The increase in whistleblower claims has become both stifling and problematic. According to businessinsider.com, the SEC Office of the Whistleblower received close to 400 claims within the first few weeks of the Dodd-Frank Act’s inception in August of 2011, a figure that has increased to over 100 claims per day and rising. By making it incredibly easy to file whistleblower claims (it can be done with only a few clicks at sec.gov/whistleblower), with virtually no costs to file a claim and potentially high benefits to the whistleblower if a claim succeeds, the claims have been flooding in, overwhelming the SEC in the process. The rapid filing of these claims is directly attributable to the minimal standard required by the Act. The Act allows a whistleblower to be eligible to collect a reward if they have a “reasonable belief that disclosure to the SEC is necessary to prevent the company from engaging in conduct that could cause substantial injury to investors,” virtually leaving the decision to the discretion of the claimant.
While the intention of the act was to discover major violations by SEC-regulated institutions as soon as possible, what has instead resulted is a situation of extreme disloyalty. Rather than approaching the compliance departments of their respective institutions, which often are perfectly capable of handling issues that arise, employees are going directly to the SEC. With eyes widened by theof a potential financial windfall, employees are rushing to report these claims, a majority of which, writes Denise Champagne of the Daily Record, are not detailed enough, and prove futile for the SEC. If these instances were first reported to the financial institutions’ compliance departments, many of them could be handled internally without incurring the high costs associated with an SEC investigation. By bypassing this stage, it also takes away the institutions’ ability to report these claims to the SEC themselves.

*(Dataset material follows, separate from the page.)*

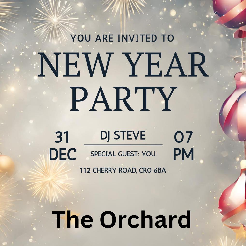 New Years Eve Party at 7pm, Tuesday 31 December at The Orchard, 112 Cherry Orchard Road Dec 28, 2024 · by eastcroydon · in Sport & Leisure. · Share this: Click to share on X (Opens in new window) X Click to share on Facebook (Opens in new window) Facebook Click to share on Bluesky (Opens in new window) Bluesky Click to share on Nextdoor (Opens in new window) Nextdoor Like Loading... Related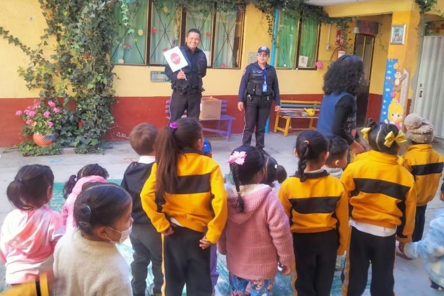 Personal del área de Proximidad Social de la Dirección de Seguridad Pública de Huamantla, impartió una plática y demostración sobre autocuidado y medidas de protección a infantes del Centro de Atención Infantil Comunitario (CAIC) “Sonrisa Infantil” del barrio de San Sebastián.

In order to limit whistleblower claims, it would be wise for the financial institutions to incorporate whistleblower remedies into their internal infrastructure. Some have suggested that these institutions provide internal, penalty-free incentives and rewards for coming forward with a claim. Under this system, a whistleblower would still be rewarded for honesty without the accompanying disloyalty, while the company would avoid the high SEC costs.
The frequency with which these whistleblowing claims are being filed is diluting the very purpose of the Dodd-Frank Act. If the financial institutions and corporations could internally stem the flow of these claims, it would be beneficial to both the firms and the SEC as a whole.